Surviving change
On my drive home, I see a mountain in the Telkwa Range just south of the Bulkley Valley. Every time I see that mountain I think, Now there’s a survivor! I’m not referring to the mountain, strictly speaking, but what’s eroding out of it on the other side.
If you were a bear going over that mountain, what would you see? If you were a very clever bear with a GPS, you would find a prehistoric singularity, perhaps the only one of its kind in the world. It predates mammoths. It predates most dinosaurs. It even predates the continents. It is a fossilized coral reef, remnants of one of the earliest, and perhaps the only reef to survive the Triassic-Jurassic extinction event approximately 200 million years ago.
The cause of that extinction is still debated: climate change, asteroids, massive volcanic eruptions. Whatever the cause, over a period of just 10,000 years more than half of Earth’s life became extinct, including most corals. But not our corals. What remains on the other side of that mountain is evidence of an ancient survivor from an arc of tropical islands in the ancestral Pacific Ocean, then located near the equator. And it’s practically in our backyard.
The proof that we northerners are survivors is right there. The stuff that makes us tuff is not in the air or the water. It’s in the rocks.

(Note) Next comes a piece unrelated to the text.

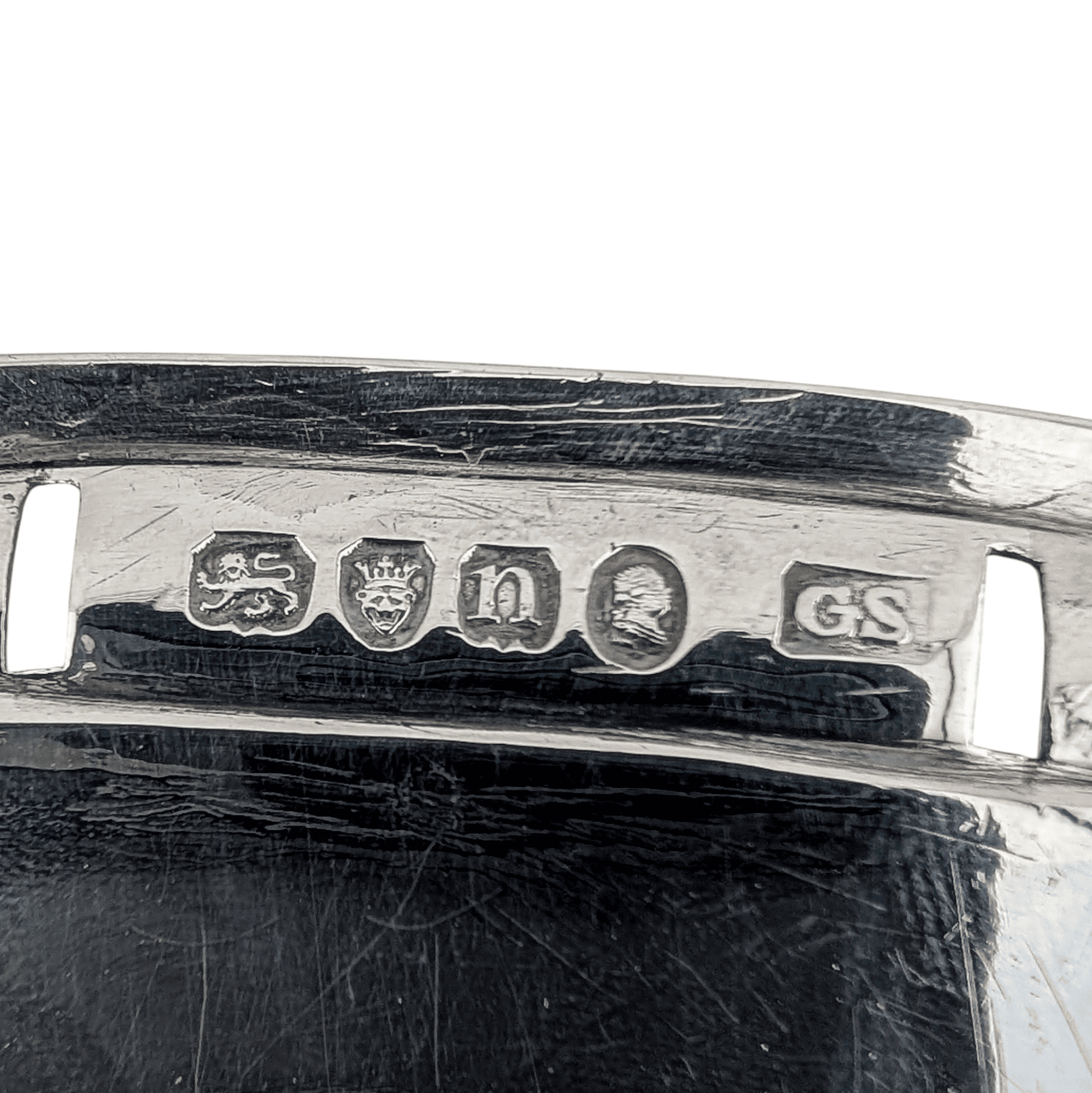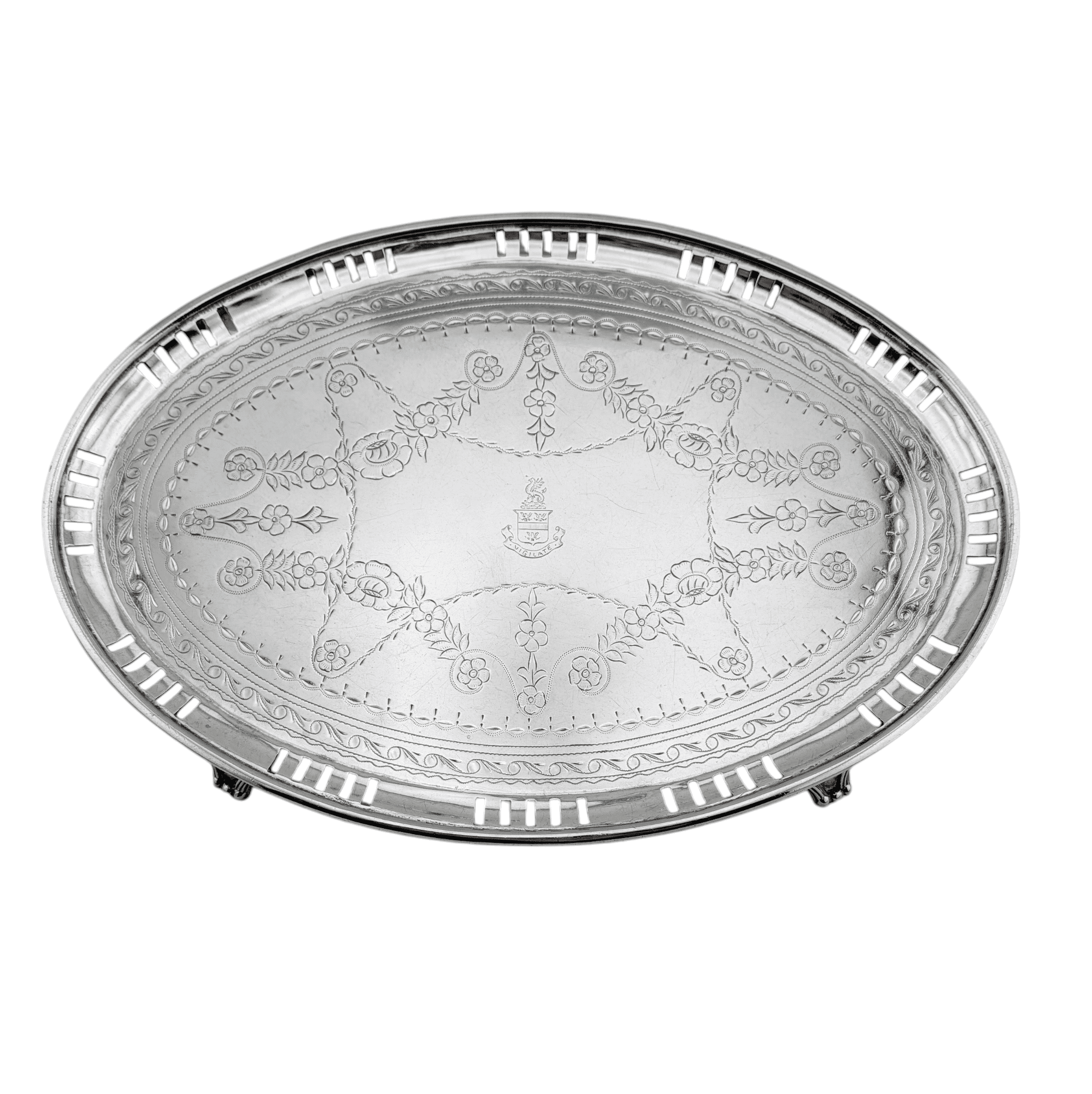 A very fine and unusual antique silver oval salver with a rare pierced border. The salver is very beautifully engraved with a family crest in the centre. The salver was made in the year Australia was founded.

The physical evidence of this fossil reef—right there where I can almost see it—makes me inexplicably happy and hopeful. It also works as a metaphor for surviving change, something that resonates across this region right now.
Economically, businesses are holding their breath to see which changes will happen with LNG, Site C, oil tankers on the coast, mining development, even the US election—just a few of the events that may impact cash flow across the region in one way or another.
Climate change is a significant player that is affecting our forests, first decimating pine stocks and now possibly threatening our aspens. Streams are warming up and drying up, affecting our salmon runs.Glaciers are melting. Creepy-crawlies are migrating.
But, change isn’t all bad—and we are resilient, after all. Tourism is flourishing (got to see those glaciers before they’re gone). Historic sites, such as the Port Edward canneries, are being revived and First Nations exhibits in northern museums satisfy those in search of enlightenment. Fossil aficionados are travelling north to see dinosaur remains in Tumbler Ridge and they can explore the new Global Geopark while they’re there.
The resource industry can also respond to changing public concerns with some pretty amazing innovations. Just ask Harvey Tremblay at Hy-Tech Drilling about his new closed-loop drilling centrifuge that reduces fresh water usage by up to 90 percent.
We roll with the punches because we’re survivors. And, we’re still here—which begs the question, “Why are we here?” In many cases, it’s the same as asking, “Why are we here?”
Which, of course, brings me to Hunter S. Thompson and his thoughts on finding purpose in life:
...a man must choose a path which will let his ABILITIES function at maximum efficiency toward the gratification of his DESIRES. In doing this, he is fulfilling a need (giving himself identity by functioning in a set pattern toward a set goal), he avoids frustrating his potential (choosing a path which puts no limit on his self-development), and he avoids the terror of seeing his goal wilt or lose its charm as he draws closer to it (rather than bending himself to meet the demands of that which he seeks, he has bent his goal to conform to his own abilities and desires).
In short, he has not dedicated his life to reaching a pre-defined goal, but he has rather chosen a way of life he KNOWS he will enjoy. The goal is absolutely secondary: it is the functioning toward the goal which is important.
Or, as he put it more succinctly:
Decide how you want to live and then see what you can do to make a living WITHIN that way of life.
When I decided to move back to the valley after a time away, I didn’t have a job waiting for me. I decided that this was where and how I wanted to live and that I would work at whatever I could find to support that desire. Fortunately, I’ve been lucky enough to immerse myself in Northword—work that gets what we all love about this northerly place. And I hope I will always be so lucky, wherever I am on life’s path.
Like our Jurassic reef, we survivors of change know a good place to make a stand during changing times. It’s called “right here.”